Current through Register Vol. 48, No. 12, March 22, 2024
a) No
insurer subject to this Part shall, for reinsurance ceded, reduce any liability
or establish any asset in any financial statement filed with the Division if,
by the terms of the reinsurance agreement, in substance or effect, any of the
following conditions exist:
1) Renewal expense
allowances provided or to be provided to the ceding insurer by the reinsurer in
any accounting period are not sufficient to cover anticipated allocable renewal
expenses of the ceding insurer on the portion of the business reinsured, unless
a liability is established for the present value of the shortfall, using
assumptions equal to the applicable statutory reserve bases on the business
reinsured. Those expenses include commissions, premium taxes and direct
expenses including but not limited to billing, valuation, claims and
maintenance expected by the company at the time the business is
reinsured;
2) The ceding insurer
can be deprived of surplus or assets at the reinsurer's option or automatically
upon the occurrence of some event, such as the insolvency of the ceding
insurer, except that termination of the reinsurance agreement by the reinsurer
for nonpayment of reinsurance premiums or other amounts due, including but not
limited to modified coinsurance reserve adjustments, interest and adjustments
on funds withheld, and tax reimbursements, shall not be considered to be a
deprivation of surplus;
3) The
ceding insurer is required to reimburse the reinsurer for negative experience
under the reinsurance agreement, except that neither offsetting experience
refunds against current and prior years' losses nor payment by the ceding
insurer of an amount equal to the current and prior years' losses under the
agreement upon voluntary terminations of in-force reinsurance by ceding insurer
shall be considered a reimbursement to the reinsurer for negative experience.
Voluntary termination does not include situations where termination occurs
because of unreasonable provisions that allow the reinsurer to reduce its risk
under the agreement. An example of such a provision is the right of the
reinsurer to increase reinsurance premiums or risk and expense charges to
excessive levels forcing the ceding company to prematurely terminate the
reinsurance treaty;
4) The ceding
insurer shall, at specific points in time scheduled in the agreement, terminate
or automatically recapture all or part of the reinsurance ceded;
5) The reinsurance agreement involves the
possible payment by the ceding insurer to the reinsurer of amounts other than
from income realized from the reinsured policies. For example, it is improper
for a ceding company to pay reinsurance premiums or other fees or charges to a
reinsurer that are greater than the direct premiums collected by the ceding
company;
6) The treaty does not
transfer all of the significant risk inherent in the business being reinsured.

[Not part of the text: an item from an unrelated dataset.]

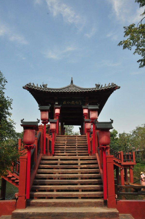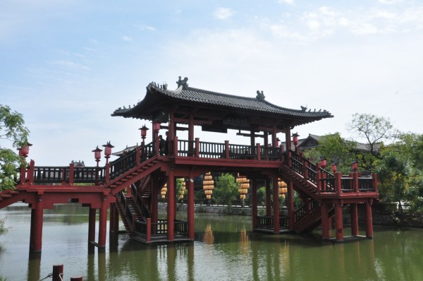 水心懈:清明上河园中的这座水心懈,四面临水,一桥相连,显得通透空灵;榭顶玲珑,清丽雅致,仿若出水芙蓉。

Exhibit A of this Part identifies, for a representative sampling of products or
type of business, the risks considered to be significant. For products not
specifically included, the risks determined to be significant shall be
consistent with Exhibit A;
7)
Requirements concerning credit quality, reinvestment or disintermediation risk.
A) The credit quality, reinvestment or
disintermediation risk is significant for the business reinsured and the ceding
company does not (other than for the classes of business excepted in subsection
(a)(7)(B)) either transfer the underlying assets to the reinsurer or legally
segregate such assets in a trust account or escrow account or otherwise
establish a mechanism that segregates, by contract or contract provision, the
underlying assets.
B)
Notwithstanding the requirements of subsection (a)(7)(A), the assets supporting
the reserves for the following classes of business and any classes of business
that do not have a significant credit quality, reinvestment or
disintermediation risk may be held by the ceding company without segregation of
those assets; Health Insurance LTC/LTD, Traditional Non-Par Permanent,
Traditional Par Permanent, Adjustable Premium Permanent, Indeterminate Premium
Permanent, Universal Life Fixed Premium (no dump-in premiums allowed). The
associated formula for determining the reserve interest rate adjustment shall
use a formula that reflects the ceding company's investment earnings and
incorporates all realized and unrealized gains and losses reflected in the
statutory statement. The following is an acceptable formula:
Rate
|
=
|
2(I + CG)
|
(X + Y - I - CG)
|
i) I is the net
investment income
ii) CG is capital
gains less capital losses
iii) X is
the current year cash and invested assets plus investment income due and
accrued less borrowed money
iv) Y
is the same as X but for the prior year;
8) Settlements are made less frequently than
quarterly or payments due from the reinsurer are not made in cash within 90
days after the settlement date;
9)
The ceding insurer is required to make representations or warranties not
reasonably related to the business being reinsured;
10) The ceding insurer is required to make
representations or warranties about future performance of the business being
reinsured;
11) The amount of the
total admitted assets of the ceding insurance company less the amount of all
funds withheld by any reinsurer as a result of all reinsurance treaties is less
than the total gross amount available to policyholders either through the
exercise of policy cash surrender or loan provisions;
12) The reinsurance agreement is entered into
for the principal purpose of producing significant surplus aid for the ceding
company typically on a temporary basis, while not transferring all of the
significant risks inherent in the business reinsured, and the remaining
liability to the ceding insurer remains basically unchanged.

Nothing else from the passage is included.